Eric Dussart, qui co-anime l'émission avec Jade, l'interroge alors sur les déclarations des dirigeants du groupe qui affirment ne pas avoir eu connaissance des faits présumés (l'ancien DRH et PDG de la chaîne, Nonce Paolini, ou encore l'actuel présentateur du JT Gilles Bouleau). "Ca ne m'étonne pas", commente Jacques Legros. "Moi-même, je ne savais pas". Et de poursuivre : "Aujourd'hui, on a un respect pour les femmes qui me paraît élémentaire et j'ai envie de dire enfin, mais à l'époque elles ne parlaient pas non plus. Et ce n'est pas un reproche".

Pas un reproche, mais plutôt le signe d'un environnement hostile à leur témoignage, où la honte et la pression à se taire étaient si présentes que les victimes présumées ne se sont pas senties en sécurité pour parler, ont craint les conséquences face à une figure si intouchable de la télévision.
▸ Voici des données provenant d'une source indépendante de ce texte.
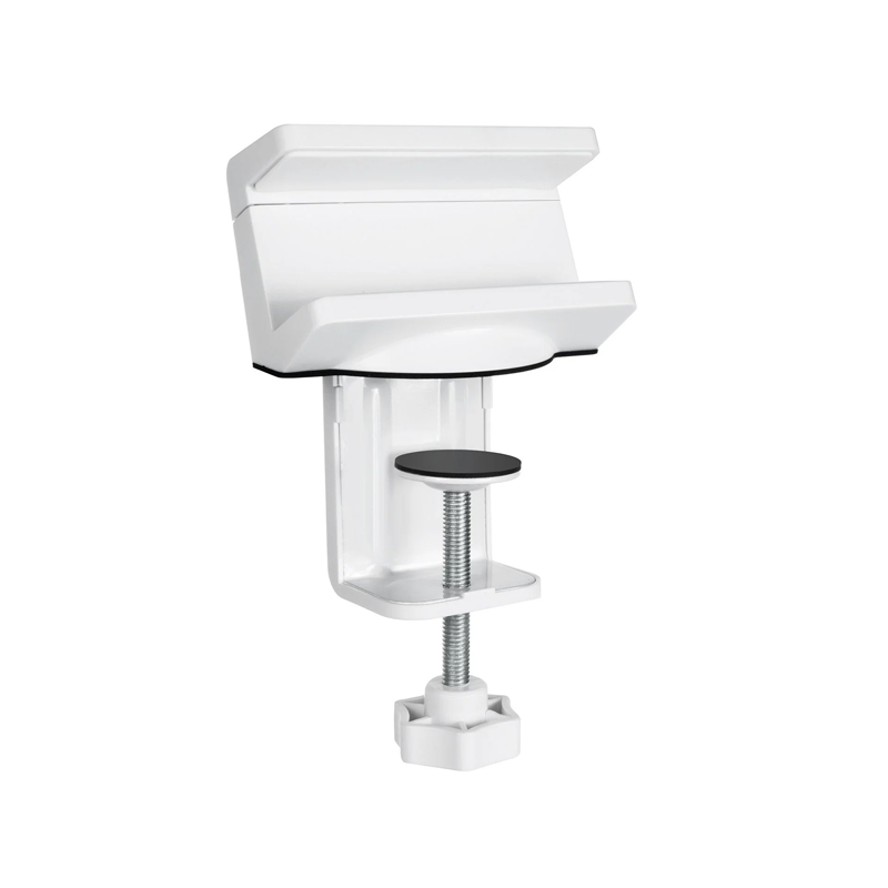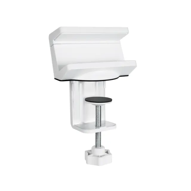 Nosilec Maclean MC-808 lahko pritrdite na vrh mize, mizne plošče itd. z debelino roba od 10 do 55 mm. Izdelek je združljiv z večino razdelilcev širine od 40 do 60 mm. Ušesa na zadnji strani nosilca olajšajo organizacijo kablov povezanih naprav.

Ou bien, on ne les a simplement pas écoutées.

"Personne n'a voulu m'écouter"

C'est cette impunité et cette inversion de culpabilité qu'a notamment confiée Marie-Laure Eude-Delattre, sur le plateau de Mediapart le 10 mai dernier. "J'ai été violée par Monsieur Patrick Poivre d'Arvor en 1985. J'avais 23 ans, et j'ai mis 36 ans à porter plainte". A l'époque, elle cherchait un stage sur la seconde chaîne. Le présentateur l'a invitée dans sa chambre d'hôtel.
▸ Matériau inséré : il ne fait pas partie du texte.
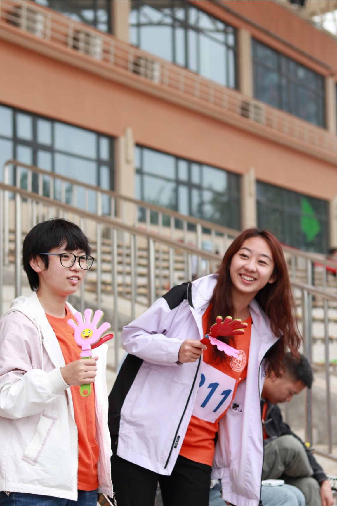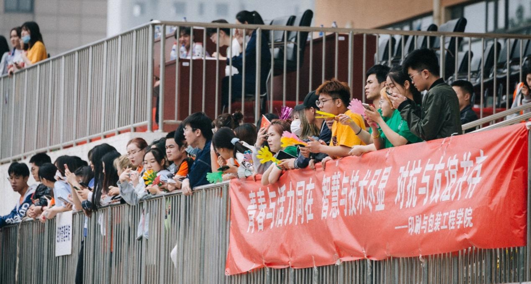 新闻出版学院的夏天同学正在看台上为运动员呐喊。她说:“文明其精神,野蛮其体魄。我们青年人就要多参加体育锻炼,健康成长,才能更好地承担使命,不负重托。”

"Il a fermé la porte à clé. Et là je l'ai vu nu comme un vers, qui se frottait sur le canapé. J'étais dans un état de sidération, je n'ai pas bougé. Je me souviens que j'étais allongée, qu'il m'a enlevé mon pantalon, ma culotte, qu'il est rentré. C'est tout ce qui s'est passé". Elle conclut, émue aux larmes : "Ce qui m'est arrivé, c'est un viol, juste un viol, quelque chose de monstrueux". Quelque chose qu'elle a immédiatement raconté. Seulement, "personne n'a voulu m'écouter".
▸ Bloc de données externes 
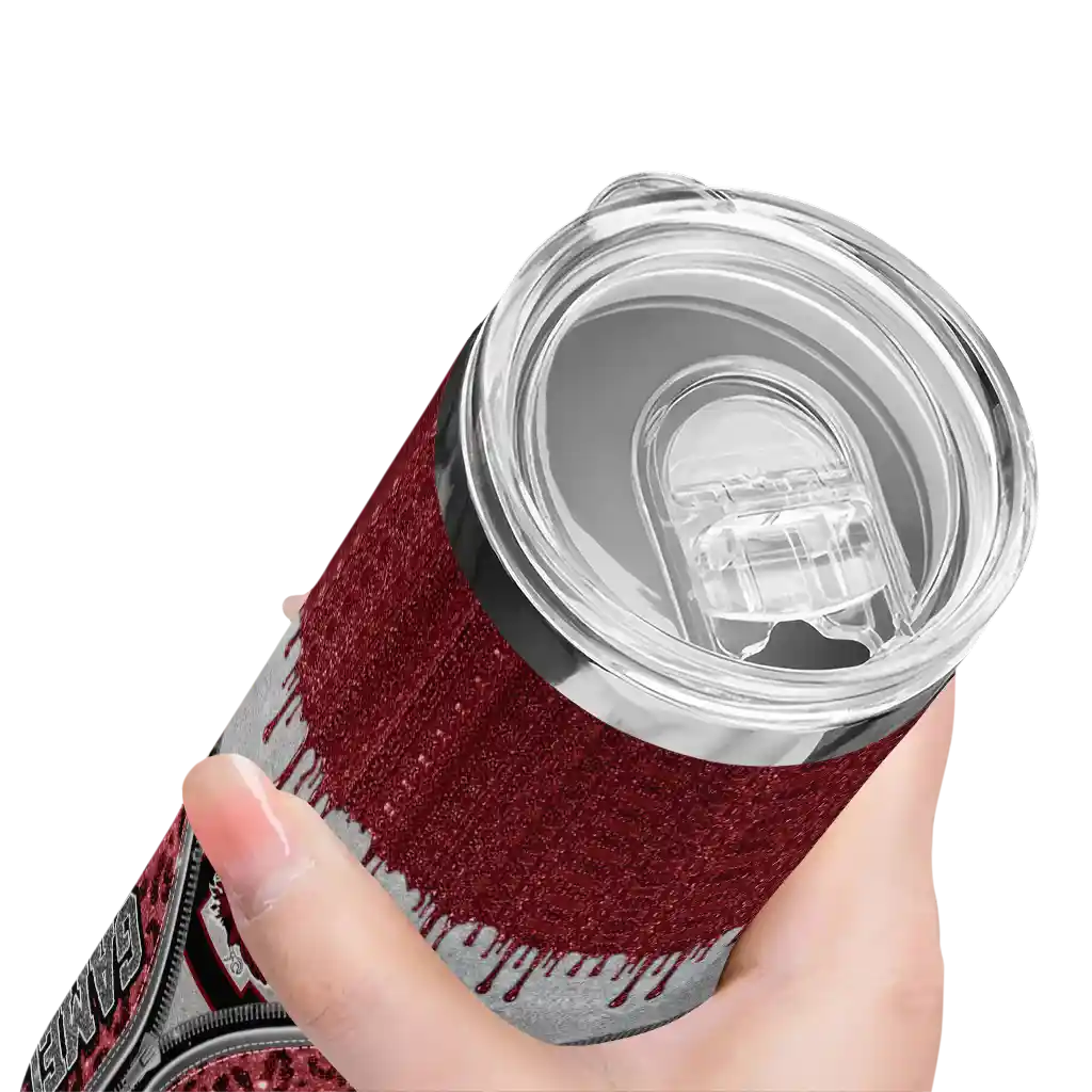 The Personalized South Carolina Gamecocks Sparkle Drip Garnet Skinny Tumbler tumbler is the perfect way to stay refreshed while showing off your pride for South Carolina Gamecocks. With its double-wall insulation, your drinks stay at the right temperature for hours, whether you're enjoying a hot coffee or keeping your iced drink cold. What's inside? You’ll find 1 stainless steel tumbler, 1 clear lid, and 1 removable straw. It's the perfect blend of function and fan spirit! Ergonomically designed for comfort, made from durable stainless steel, and insulated to maintain your drink’s temperature, this tumbler is a must-have for any dedicated NCAA fan.

Une autre plaignante, Emmanuelle Dancourt, journaliste à RMC et présidente de l'association #MeTooMédias, confiait à Terrafemina : "TF1 n'a absolument pas protégé ces femmes, s'abritant derrière sa 'drague lourde'. Ils auraient dû être alertés, mener l'enquête et ils ne l'ont pas fait parce que politiquement et économiquement, PPDA était trop important. Et tout le monde savait : il avait des 'invitées' quasiment tous les soirs. C'est dommage, prendre les choses en main les sortirait par le haut."